城区的烟尘污染越来越糟糕,他们决定去空气清新的南海岸过冬。他们一边同斐·路维塔嘱咐着店里大大小小零件和开关的注意事项,一边收将衣物塞进那只老式行李箱。行李箱的拉杆明显有些生锈,它挣扎了半天才极不情愿地伸出手来。
斐·路维塔注视着维吉尔夫妇离去的背影,拉动了门口系有铃铛的细绳,一块标有“正在营业”的挂牌顺势落下,稳稳挂在外侧的黄铜把手上。
这是一个极其平凡的周末,斐·路维塔用坩埚煮了一份黑咖啡,从那块不知存在了多久的硬吐司边上切下薄薄的一片,抹上黄油和维吉尔太太自制的榅桲果酱,大口咀嚼了起来。这套动作她已经重复了半年有余,即便闭上眼睛也能熟练地找到每一份原料。
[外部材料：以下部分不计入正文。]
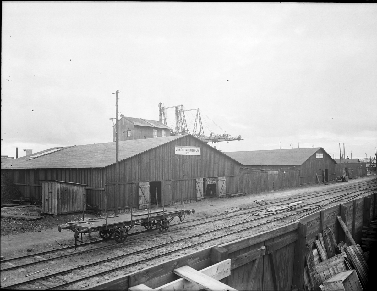 J. Em. Delin AB bedrev handel i Gävle med bla kolimport. Magasinsbyggnaderna vid Houcken. I bakgrunden, kranen "Trötte Teodor".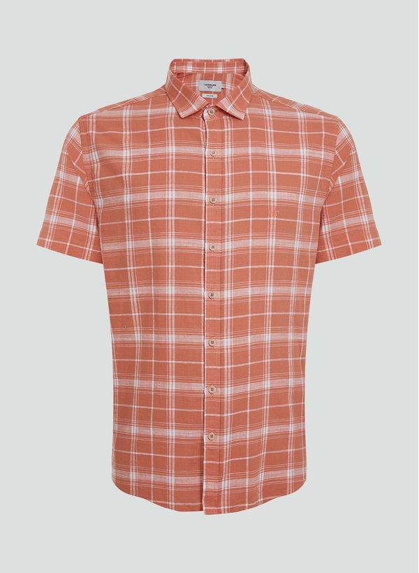 Confeccionada em tecido plano, a camisa possui modelagem slim, padronagem xadrez, colarinho firenze slim, detalhe de logo bordado na parte frontal, mangas curtas e fechamento frontal por botões.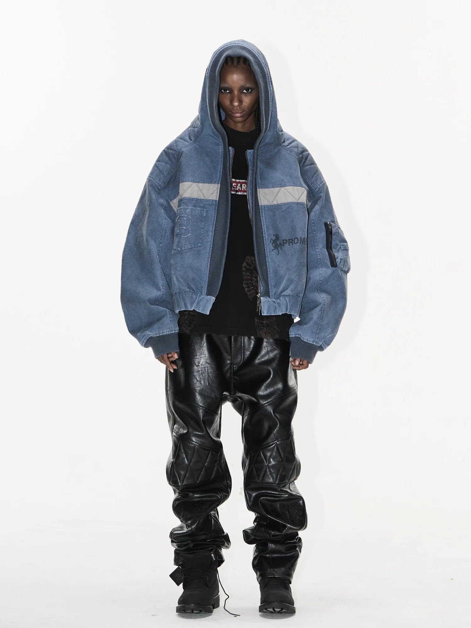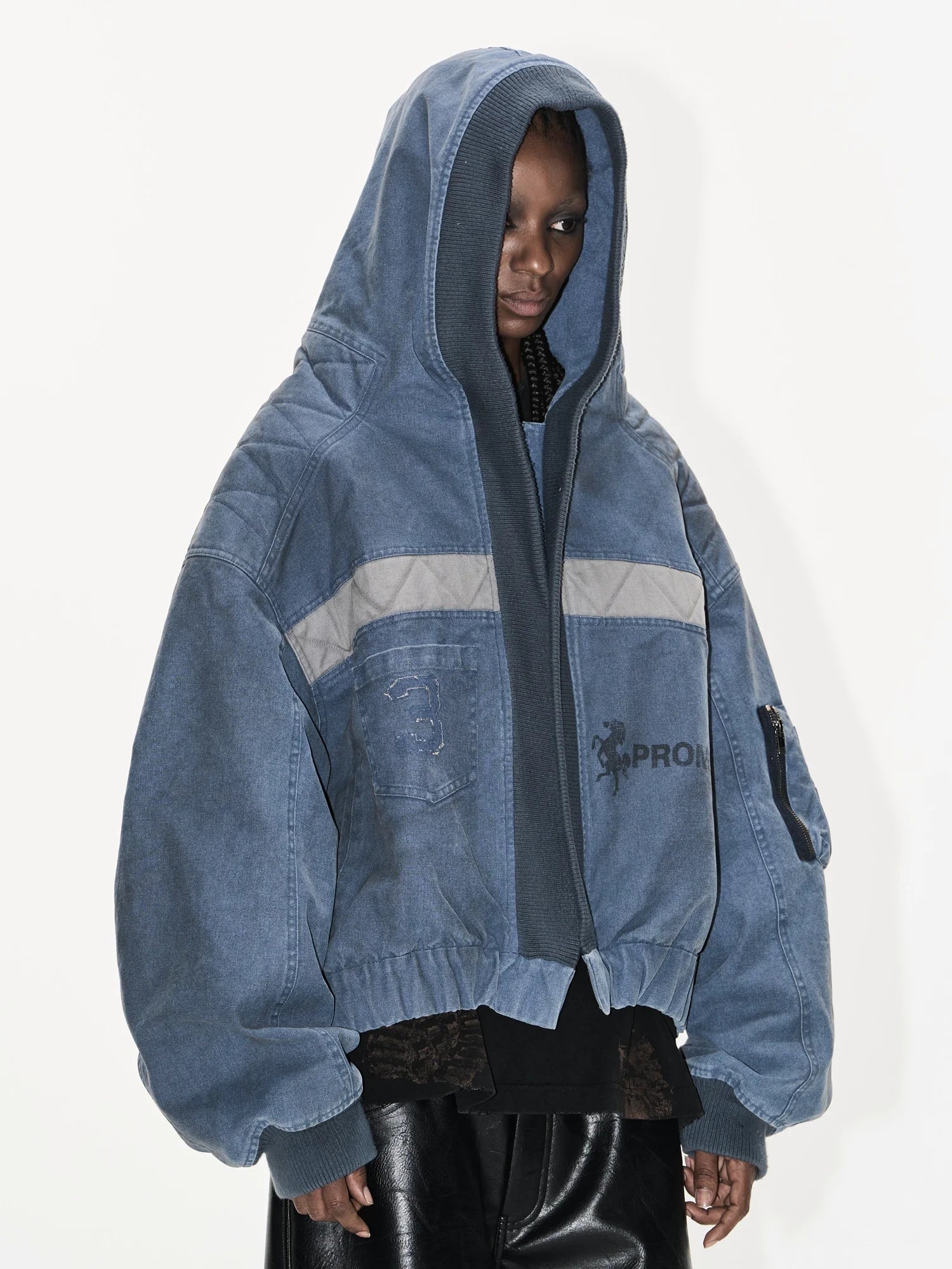 Light grey accents across the chest and sleeves add modern contrast, while subtle graphic elements including a stylized '3' and the word 'PROM' offer a unique edge. Styled here on a female model, it pairs effortlessly with edgy separates for an on-trend urban ensemble.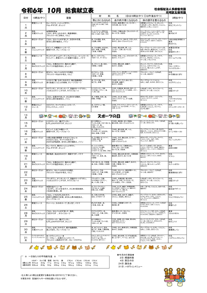 R6年10月献立表(第五)
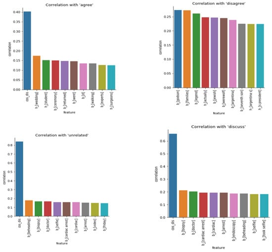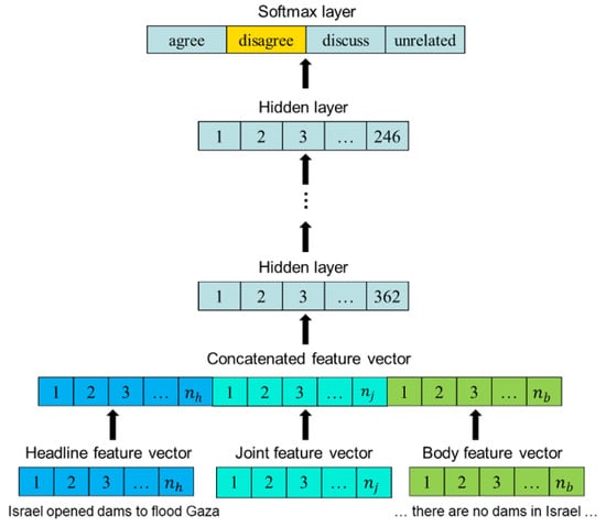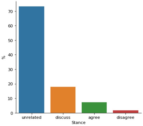 Stance detection has found applications across various fields, including the identification of fake news. Numerous researchers have focused on detecting fake news by examining the stance of texts, particularly when the stance is directed toward a specific topic or entity [13]. Fake News Challenge (FNC) involved the development of machine learning models that can predict stance labels given a headline and body of a news article. The stance label to be assigned could be one of the sets: ‘agree’, ‘disagree’, ‘discuss’, or ‘unrelated’. The provided dataset consists of pairs of a headline of a news article as a claim and a snippet of text related to the headline. Most of the teams participating in the FNC, including the winner team, used deep learning (DL) approaches to develop their learning and prediction models. Several papers discussed FNC and main submissions, such as [14,15,16,17,18,19]. Previous research indicates that traditional text processing methods have been effective. The crucial insight appears to be in comparing features from the headline with those from the body of the text. This approach is intuitive, as the stance is often determined by how the body of the text relates to the headline.

收拾好餐具,斐来到操作台前,小心翼翼地掀开遮尘布并叠好。桌上整齐地摆放着几只贴着标签的松木盒子,几瓶大小、形状各不相同的玻璃瓶和石制墨水瓶,架子上放着几卷厚厚的夹满便签纸条的文件和几本基础机械操作指南。
斐从文件夹中找到了她的设计稿,密密麻麻的单词和线条边留有许多用红墨水书写的批注,这是她的毕业作业之一。
三年前,路维塔家族在萨尔兰特王国的最后一座古堡惨遭大火洗劫,她依照祖父的嘱托来到了恩斯顿王国的威切斯特市,并通过自己的努力考入了威切斯特魔法学院的魔导机工系。这是她在学院的最后一年,她在维吉尔先生的钟表维修店做学徒的同时,还要准备一份毕业设计和一份机械分析报告。
周末的客人往往不多,毕竟谁都想多睡一会,巴不得全世界的钟表都坏了。斐拉开碎花窗帘,清晨的阳光透过宽大的落地玻璃橱窗照到操作台上,窗外的街景映入眼帘。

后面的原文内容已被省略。